Thanks,  David Strand
         Loring Park
         Ward 7
--- "William K. Dobbs" <[EMAIL PROTECTED]> wrote:
> Date: Sun, 15 Apr 2001 00:15:59 -0400
> To: [EMAIL PROTECTED]
> From: "William K. Dobbs" <[EMAIL PROTECTED]>
> Subject: GP-LBGT Re: Article on AIDS drug protest at
> U of MN 
> Reply-to: [EMAIL PROTECTED]
> 
> At 02:56 PM 4/14/2001 -0700, you wrote:
> Article from Advocate.com on AIDS drug protests at U
> of MN.  Check it out!
> >
> Thanks, David Strand
> >
> Here is the Wall Street Journal article referenced
> by the Advocate online
> edition:
> 
> Wall Street Journal [New York, NY]
> April 12, 2001
> 
> Student Protesters Target Universities Profiting
> From AIDS Research 
> 
> By Rachel Zimmerman
> 
> The University of Minnesota expects to collect more
> than $300 million in
> royalties from its patent on Ziagen, an AIDS drug
> sold by GlaxoSmithKline
> PLC. Amanda Swarr, a 28-year-old graduate student at
> the school, thinks
> that is outrageous.
> 
> "We are furious at the university's complicity in
> the denial of access to
> life-saving medication to poor people across the
> world," Ms. Swarr wrote in
> a leaflet that she proffered on a snowy street
> corner in Minneapolis during
> her spring break. "We are disgusted."
> 
> The fight over the price of AIDS drugs in developing
> nations has found a
> new battleground: the college campus.
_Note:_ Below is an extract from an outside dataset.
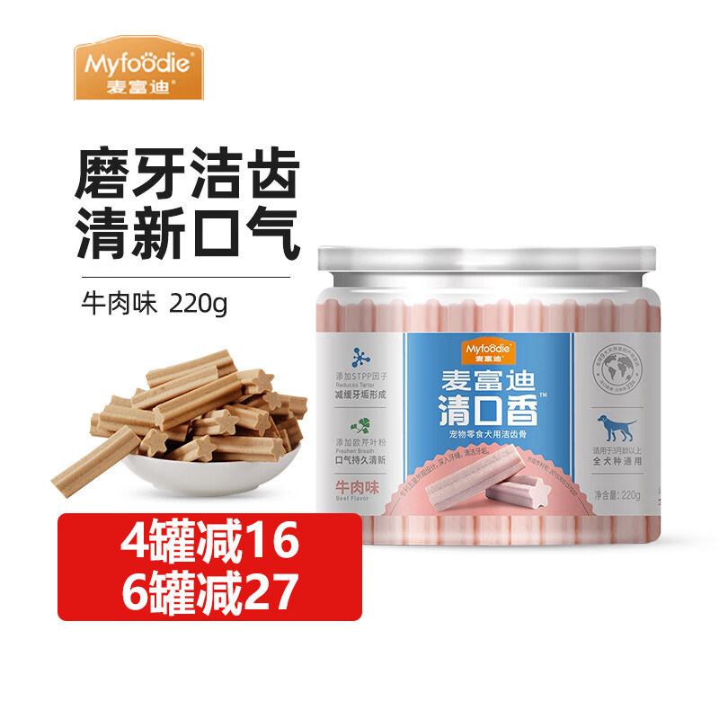 【4罐减16】麦富迪清口香220g磨牙棒狗咬胶洁齿骨贵宾泰迪幼犬成犬去除牙垢清洁口臭宠物狗零食 清口香牛肉味220g

Students at
> the University of
> Minnesota are holding a teach-in today, energized by
> the success that
> students at Yale University claimed for pressuring
> drug maker Bristol-Myers
> Squibb Co. to relinquish patent rights for an AIDS
> drug in South Africa.
> And student activists at other campuses are linking
> with outside activists
> in the AIDS cause.
> 
> Student protests are as old as formal education.
> What gives the AIDS
> protests extra leverage is that a few universities
> hold patents on key AIDS
> medications. Other schools' endowments hold stock in
> companies making AIDS
> drugs.
> 
> The current wave of indignation, students say, comes
> from the sheer scope
> of the AIDS epidemic in Africa, where 25 million
> people are infected with
> HIV, the AIDS virus, and from the disparity of
> treatment between rich and
> poor, black and white. "It's the biggest political
> crisis of our
> generation," says graduate student Adam Taylor, a
> 25-year-old AIDS activist
> at Harvard University.
> 
> Seeds of the protest at the University of Minnesota
> were sown in October
> 1999, when the school won the largest settlement of
> a patent-infringement
> case of any U.S. university. GlaxoSmithKline agreed
> to pay the university
> royalties on world-wide sales of the AIDS drug
> Ziagen, which sells in the
> U.S. for about $3,898 for a year's supply. Minnesota
> argued that Ziagen was
> among several related drugs first patented in the
> 1980s by Robert Vince, a
> professor at the university's college of pharmacy,
> and then licensed to
> Glaxo. Since 1999, the university has received about
> $15 million in
> royalties -- profit deemed a symbol of academic
> greed by students like Ms.
> Swarr.
> 
> Ms. Swarr, whose field is women's studies, is a
> veteran protester. She has
> boycotted Nestle SA (for its pro-infant-formula
> policy), Philip Morris Cos.
> (for not pulling out of South Africa in the 1980s),
> Nike Inc. (for its
> labor practices) and Procter & Gamble Inc. (for
> animal testing), among
> others. She believes the university will bow to
> student demands. So far,
> however, the university doesn't seem much moved.
> Mark Rotenberg, general
> counsel at the university, says the school has no
> control over pricing. "I
> think the principal focus of concern about pricing
> should be on the
> pharmaceutical manufacturer and on the governments,"
> he says.
> 
> Nancy Pekarek, a spokeswoman for GlaxoSmithKline,
> suggests that market and
> political forces have a far greater impact than
> student protests in
> determining prices and accessibility. For instance,
> she says the company
> applied for approval of Ziagen in South Africa in
> September 1998, but that
> country still has not acted on the application.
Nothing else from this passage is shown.